VULCAN MATERIALS CO., CalMat Division d/b/a CalMat Concrete & Aggregate Division, a division of Vulcan Materials, an Alabama corporation d/b/a CalMat Company d/b/a CalMat Concrete; and Does 1 through 50, Defendant.

No. 00 CV 302 BTM (LAB).

United States District Court, S.D. California.

July 26, 2000.

*1011 Milton J. Silverman, Jr., Law Offices of Milton Silverman, San Diego, CA, for Plaintiff.

William Spencer Hamer, III, Musick, Peeler and Garrett, Los Angeles, CA, for Defendant.

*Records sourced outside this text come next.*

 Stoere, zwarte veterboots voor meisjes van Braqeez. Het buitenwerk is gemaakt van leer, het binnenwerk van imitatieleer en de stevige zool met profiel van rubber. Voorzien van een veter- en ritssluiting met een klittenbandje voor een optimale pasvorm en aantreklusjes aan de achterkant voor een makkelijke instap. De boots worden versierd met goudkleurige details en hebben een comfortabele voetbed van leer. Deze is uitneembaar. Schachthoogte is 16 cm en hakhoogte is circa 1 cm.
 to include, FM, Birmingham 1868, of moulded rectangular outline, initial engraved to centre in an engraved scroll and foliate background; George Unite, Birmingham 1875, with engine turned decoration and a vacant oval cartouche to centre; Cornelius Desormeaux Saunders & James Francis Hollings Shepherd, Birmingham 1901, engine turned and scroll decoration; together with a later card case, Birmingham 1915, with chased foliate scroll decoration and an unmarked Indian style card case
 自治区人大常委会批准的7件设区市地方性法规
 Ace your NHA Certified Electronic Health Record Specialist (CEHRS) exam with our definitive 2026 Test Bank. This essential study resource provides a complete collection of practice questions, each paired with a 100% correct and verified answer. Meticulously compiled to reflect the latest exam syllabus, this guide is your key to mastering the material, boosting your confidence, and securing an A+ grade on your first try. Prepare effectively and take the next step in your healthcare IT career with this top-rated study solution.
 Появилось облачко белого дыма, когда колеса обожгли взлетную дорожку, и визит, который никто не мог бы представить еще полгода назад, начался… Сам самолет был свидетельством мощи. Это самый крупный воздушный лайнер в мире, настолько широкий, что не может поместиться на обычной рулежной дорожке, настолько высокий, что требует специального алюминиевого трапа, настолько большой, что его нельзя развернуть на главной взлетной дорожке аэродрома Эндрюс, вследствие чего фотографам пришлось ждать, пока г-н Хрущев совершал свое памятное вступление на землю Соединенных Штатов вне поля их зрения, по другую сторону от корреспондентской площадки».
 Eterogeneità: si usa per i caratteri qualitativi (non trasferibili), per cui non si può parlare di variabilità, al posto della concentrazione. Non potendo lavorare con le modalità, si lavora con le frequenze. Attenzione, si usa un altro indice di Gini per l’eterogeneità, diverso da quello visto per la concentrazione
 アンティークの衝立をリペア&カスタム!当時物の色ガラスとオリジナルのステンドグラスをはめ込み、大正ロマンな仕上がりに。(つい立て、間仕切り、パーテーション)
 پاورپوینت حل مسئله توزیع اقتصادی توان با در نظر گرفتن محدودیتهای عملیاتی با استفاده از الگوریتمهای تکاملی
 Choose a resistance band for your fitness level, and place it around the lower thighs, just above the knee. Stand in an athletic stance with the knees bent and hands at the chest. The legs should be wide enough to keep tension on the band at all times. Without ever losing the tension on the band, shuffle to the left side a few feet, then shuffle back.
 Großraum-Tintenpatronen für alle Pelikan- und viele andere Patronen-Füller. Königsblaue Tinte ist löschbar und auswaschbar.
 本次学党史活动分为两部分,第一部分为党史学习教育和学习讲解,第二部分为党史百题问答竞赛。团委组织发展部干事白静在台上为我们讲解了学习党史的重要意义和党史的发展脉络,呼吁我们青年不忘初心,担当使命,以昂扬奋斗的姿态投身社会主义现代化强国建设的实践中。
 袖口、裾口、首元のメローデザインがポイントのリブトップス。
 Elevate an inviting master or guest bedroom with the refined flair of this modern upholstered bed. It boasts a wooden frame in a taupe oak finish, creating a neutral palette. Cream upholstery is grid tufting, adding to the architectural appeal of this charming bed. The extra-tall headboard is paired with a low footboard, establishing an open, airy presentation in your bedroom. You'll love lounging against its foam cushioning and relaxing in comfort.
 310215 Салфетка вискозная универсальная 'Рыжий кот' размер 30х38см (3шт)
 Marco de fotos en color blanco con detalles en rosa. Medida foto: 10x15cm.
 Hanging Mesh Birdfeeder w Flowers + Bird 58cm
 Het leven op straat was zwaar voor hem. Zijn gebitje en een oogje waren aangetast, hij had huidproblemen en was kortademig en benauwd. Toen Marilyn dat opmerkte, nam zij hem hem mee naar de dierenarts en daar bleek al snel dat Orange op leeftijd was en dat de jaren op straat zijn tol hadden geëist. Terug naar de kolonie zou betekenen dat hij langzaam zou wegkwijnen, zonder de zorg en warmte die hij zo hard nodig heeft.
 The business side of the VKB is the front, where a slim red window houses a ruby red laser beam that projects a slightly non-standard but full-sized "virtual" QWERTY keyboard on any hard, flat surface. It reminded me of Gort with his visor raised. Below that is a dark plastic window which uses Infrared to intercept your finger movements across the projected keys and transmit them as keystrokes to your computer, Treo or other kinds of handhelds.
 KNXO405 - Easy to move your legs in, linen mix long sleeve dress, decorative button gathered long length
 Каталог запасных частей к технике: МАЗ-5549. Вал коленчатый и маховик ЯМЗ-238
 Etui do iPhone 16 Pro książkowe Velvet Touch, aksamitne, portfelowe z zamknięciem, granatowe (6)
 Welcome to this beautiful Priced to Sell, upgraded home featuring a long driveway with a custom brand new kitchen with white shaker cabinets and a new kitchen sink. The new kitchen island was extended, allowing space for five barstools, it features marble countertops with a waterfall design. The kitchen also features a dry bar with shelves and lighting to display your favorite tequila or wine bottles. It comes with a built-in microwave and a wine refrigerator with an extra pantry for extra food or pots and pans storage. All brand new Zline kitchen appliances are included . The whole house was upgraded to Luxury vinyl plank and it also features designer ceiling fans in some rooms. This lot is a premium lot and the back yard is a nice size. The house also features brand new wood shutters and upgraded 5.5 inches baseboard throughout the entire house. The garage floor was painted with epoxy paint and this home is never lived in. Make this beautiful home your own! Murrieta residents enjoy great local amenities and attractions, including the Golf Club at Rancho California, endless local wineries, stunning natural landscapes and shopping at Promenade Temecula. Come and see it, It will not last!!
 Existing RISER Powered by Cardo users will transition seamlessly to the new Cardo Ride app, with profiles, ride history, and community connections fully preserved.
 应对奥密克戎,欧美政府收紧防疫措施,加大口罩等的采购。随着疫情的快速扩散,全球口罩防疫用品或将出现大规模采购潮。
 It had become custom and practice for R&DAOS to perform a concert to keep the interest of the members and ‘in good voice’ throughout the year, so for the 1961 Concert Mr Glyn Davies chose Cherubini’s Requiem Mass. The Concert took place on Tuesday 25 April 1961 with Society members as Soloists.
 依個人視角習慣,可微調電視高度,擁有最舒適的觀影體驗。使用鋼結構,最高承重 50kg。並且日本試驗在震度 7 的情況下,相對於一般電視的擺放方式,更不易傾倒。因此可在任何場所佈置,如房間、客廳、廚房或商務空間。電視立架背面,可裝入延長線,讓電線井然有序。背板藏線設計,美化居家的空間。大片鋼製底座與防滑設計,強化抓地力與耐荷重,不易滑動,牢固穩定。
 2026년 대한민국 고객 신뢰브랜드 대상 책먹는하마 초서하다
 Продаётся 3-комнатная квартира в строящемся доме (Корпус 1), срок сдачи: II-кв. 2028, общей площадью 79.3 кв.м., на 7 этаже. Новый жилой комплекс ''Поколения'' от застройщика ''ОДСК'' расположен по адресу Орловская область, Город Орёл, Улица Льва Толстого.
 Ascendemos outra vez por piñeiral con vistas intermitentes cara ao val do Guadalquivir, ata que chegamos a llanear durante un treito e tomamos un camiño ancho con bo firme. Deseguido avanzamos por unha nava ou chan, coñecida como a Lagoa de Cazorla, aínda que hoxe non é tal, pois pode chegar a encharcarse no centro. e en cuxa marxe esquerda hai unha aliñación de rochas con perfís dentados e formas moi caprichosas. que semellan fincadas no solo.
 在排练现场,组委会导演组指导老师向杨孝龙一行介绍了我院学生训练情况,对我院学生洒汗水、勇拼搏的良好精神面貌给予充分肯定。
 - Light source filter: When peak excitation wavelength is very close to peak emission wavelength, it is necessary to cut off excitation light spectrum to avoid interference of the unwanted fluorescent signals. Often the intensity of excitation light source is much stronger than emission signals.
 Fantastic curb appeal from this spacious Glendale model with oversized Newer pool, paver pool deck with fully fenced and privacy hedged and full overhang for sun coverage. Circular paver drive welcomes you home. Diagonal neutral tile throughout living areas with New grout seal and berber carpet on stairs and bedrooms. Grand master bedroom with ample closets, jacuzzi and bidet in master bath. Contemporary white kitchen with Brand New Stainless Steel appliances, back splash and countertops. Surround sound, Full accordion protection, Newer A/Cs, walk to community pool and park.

ORDER GRANTING PLAINTIFF'S MOTION TO REMAND; DENYING DEFENDANT'S MOTION TO DISMISS

MOSKOWITZ, District Judge.

This matter comes before the Court on plaintiff's motion to remand his case to the Superior Court of San Diego County and on defendant's motion to dismiss plaintiff's complaint. Defendant removed the case based on federal question jurisdiction, 28 U.S.C. § 1331, arguing that plaintiff's state law claim was an artfully pled cause of action arising under federal law. Concluding that removal jurisdiction is lacking, the Court grants plaintiff's motion to remand. Accordingly, the Court denies defendant's motion to dismiss.

BACKGROUND

A. Factual History

Plaintiff, Robert E. Germann, was a concrete mixer driver who was fired by defendant, CalMat Concrete ("CalMat"), on November 17, 1998. During his employment, in April of 1998, plaintiff notified CalMat management that its drivers were violating hours of service laws as set forth in the California Vehicle Code. Thereafter, plaintiff filed a complaint with the California Highway Patrol. As a result, CalMat convened a meeting of all drivers, and a representative of the California Highway Patrol explained the hours of service regulations. According to plaintiff, after this meeting, CalMat continued to direct its drivers to violate safety regulations. Because of his complaint to the state law enforcement authorities, plaintiff contends that his employment with CalMat was terminated.

B. Plaintiff's Complaint

Pertinent to the issue facing the Court today are the specific allegations in plaintiff's complaint. Plaintiff raises a single cause of action against defendant for "Wrongful Termination in Violation of Public Policy." According to plaintiff, "[i]n terminating Mr. Germann's employment ... CALMAT acted in violation of strongly enumerated public policy as set forth in the California Vehicle Code Sections [34501.2] and Labor Code Sections 1102 and 6310." Generally, California Vehicle Code section 34501.2 provides maximum driving times within a work period for drivers of trucks. California Labor Code sections 1102 and 6310 prohibit employer retaliation for an employee's disclosure to the government or to law enforcement of suspected violations or noncompliance with federal or state law safety requirements. Plaintiff claims that he was fired by defendant in retaliation for reporting violations of state safety laws to the California Highway Patrol. Plaintiff's complaint, originally filed in the San Diego Superior Court, references only state law.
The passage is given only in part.